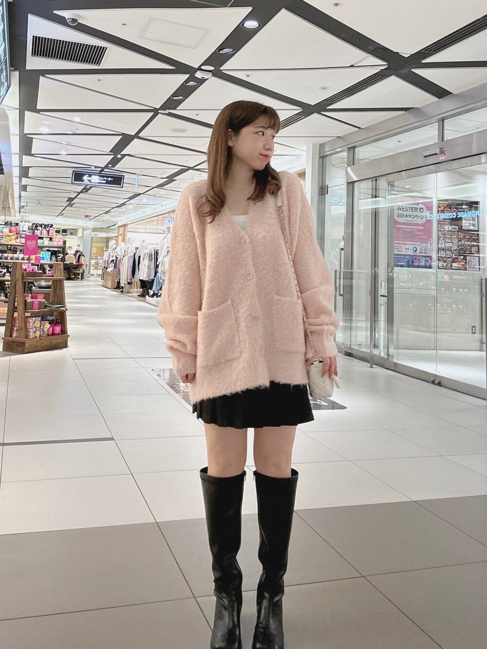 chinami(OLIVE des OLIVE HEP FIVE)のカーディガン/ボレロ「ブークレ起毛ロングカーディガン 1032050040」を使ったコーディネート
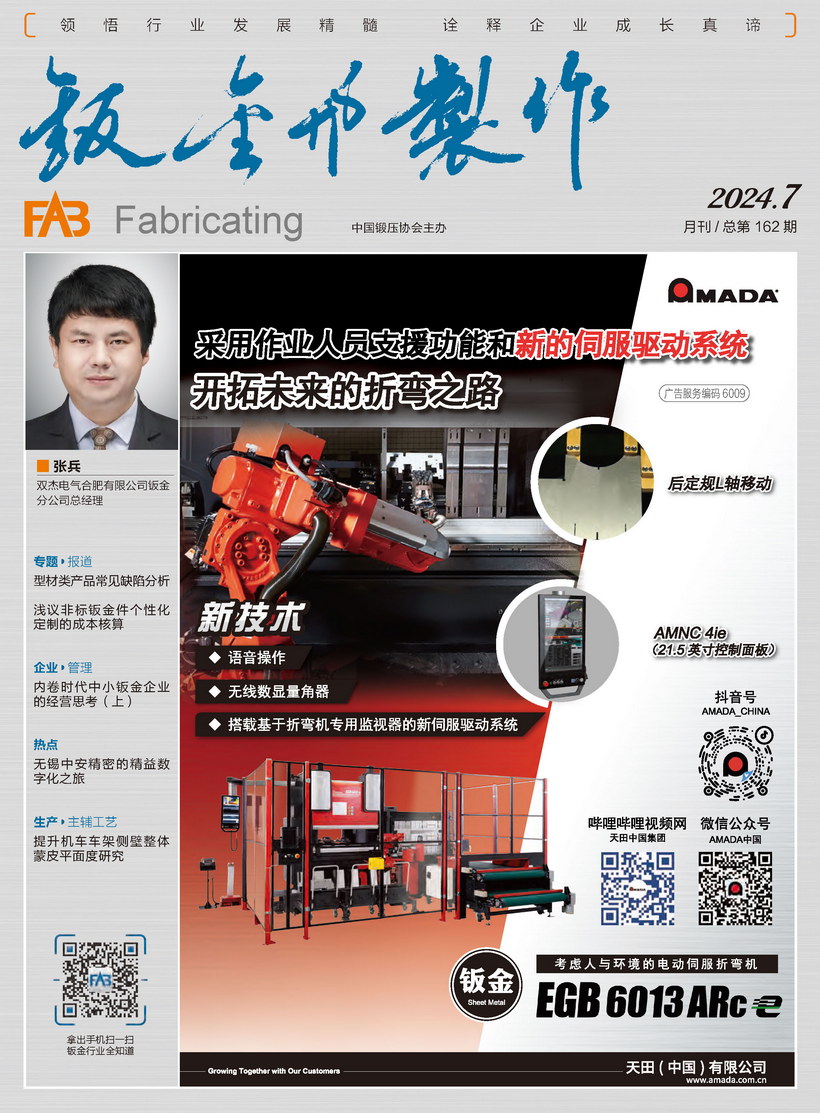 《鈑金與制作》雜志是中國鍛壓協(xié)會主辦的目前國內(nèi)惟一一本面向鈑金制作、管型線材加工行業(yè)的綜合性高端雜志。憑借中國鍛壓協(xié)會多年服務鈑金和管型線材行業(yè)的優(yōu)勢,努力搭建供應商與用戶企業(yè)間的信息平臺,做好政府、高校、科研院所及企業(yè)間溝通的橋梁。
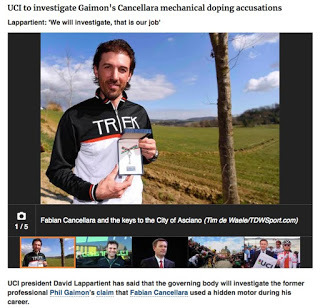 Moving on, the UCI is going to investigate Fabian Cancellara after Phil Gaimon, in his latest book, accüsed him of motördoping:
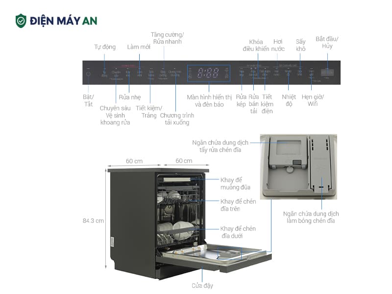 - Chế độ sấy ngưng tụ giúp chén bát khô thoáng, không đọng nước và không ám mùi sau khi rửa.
---
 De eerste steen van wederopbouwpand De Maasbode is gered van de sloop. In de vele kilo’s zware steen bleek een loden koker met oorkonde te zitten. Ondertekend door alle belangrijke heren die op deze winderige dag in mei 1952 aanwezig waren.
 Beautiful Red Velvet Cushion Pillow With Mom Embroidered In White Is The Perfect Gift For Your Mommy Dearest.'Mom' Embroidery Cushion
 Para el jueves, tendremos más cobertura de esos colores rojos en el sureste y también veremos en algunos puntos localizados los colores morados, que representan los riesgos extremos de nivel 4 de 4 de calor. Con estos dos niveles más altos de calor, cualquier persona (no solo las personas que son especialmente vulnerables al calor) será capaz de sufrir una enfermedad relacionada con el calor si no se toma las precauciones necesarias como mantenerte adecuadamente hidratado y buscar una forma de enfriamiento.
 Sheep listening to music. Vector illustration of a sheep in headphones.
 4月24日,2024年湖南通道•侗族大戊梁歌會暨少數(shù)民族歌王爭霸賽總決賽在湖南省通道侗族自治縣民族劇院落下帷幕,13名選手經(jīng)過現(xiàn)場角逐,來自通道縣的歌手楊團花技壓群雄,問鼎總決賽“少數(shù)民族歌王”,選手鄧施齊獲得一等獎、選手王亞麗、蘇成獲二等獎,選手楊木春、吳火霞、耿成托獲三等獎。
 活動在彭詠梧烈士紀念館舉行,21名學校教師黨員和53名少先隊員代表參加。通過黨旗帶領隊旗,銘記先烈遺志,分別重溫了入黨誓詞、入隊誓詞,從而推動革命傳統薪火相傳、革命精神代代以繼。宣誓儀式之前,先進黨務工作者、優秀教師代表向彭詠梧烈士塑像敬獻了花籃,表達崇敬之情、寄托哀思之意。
--
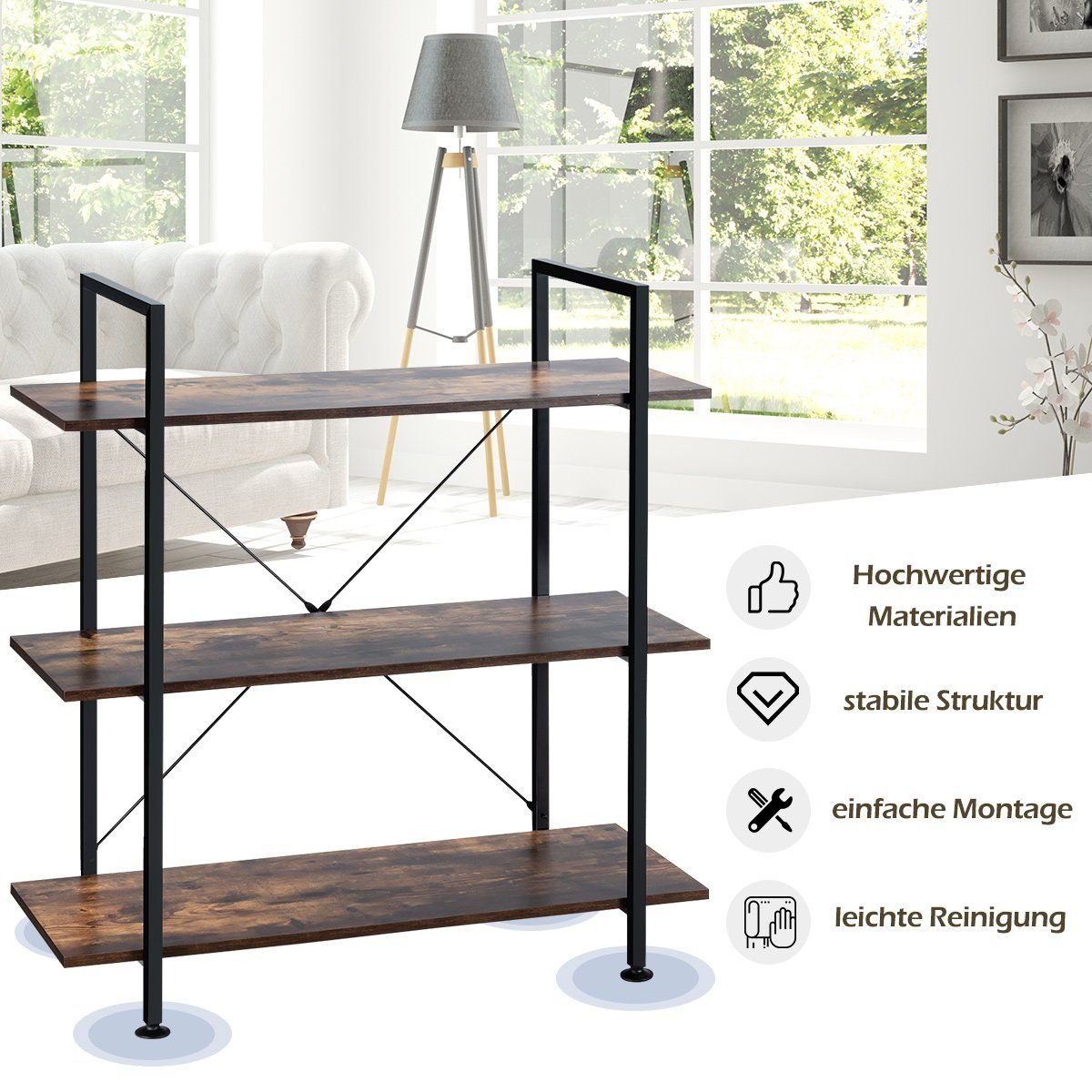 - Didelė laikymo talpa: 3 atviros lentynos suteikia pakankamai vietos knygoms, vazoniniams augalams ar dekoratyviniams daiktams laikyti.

The task -
Could you reproduce exactly the lines of the entries above, from the one with "4月24日,2024年湖南通" through the one with "活動在彭詠梧烈士紀念館舉行,21名學校教", and nothing else?

Expected output -
 4月24日,2024年湖南通道•侗族大戊梁歌會暨少數(shù)民族歌王爭霸賽總決賽在湖南省通道侗族自治縣民族劇院落下帷幕,13名選手經(jīng)過現(xiàn)場角逐,來自通道縣的歌手楊團花技壓群雄,問鼎總決賽“少數(shù)民族歌王”,選手鄧施齊獲得一等獎、選手王亞麗、蘇成獲二等獎,選手楊木春、吳火霞、耿成托獲三等獎。
 活動在彭詠梧烈士紀念館舉行,21名學校教師黨員和53名少先隊員代表參加。通過黨旗帶領隊旗,銘記先烈遺志,分別重溫了入黨誓詞、入隊誓詞,從而推動革命傳統薪火相傳、革命精神代代以繼。宣誓儀式之前,先進黨務工作者、優秀教師代表向彭詠梧烈士塑像敬獻了花籃,表達崇敬之情、寄托哀思之意。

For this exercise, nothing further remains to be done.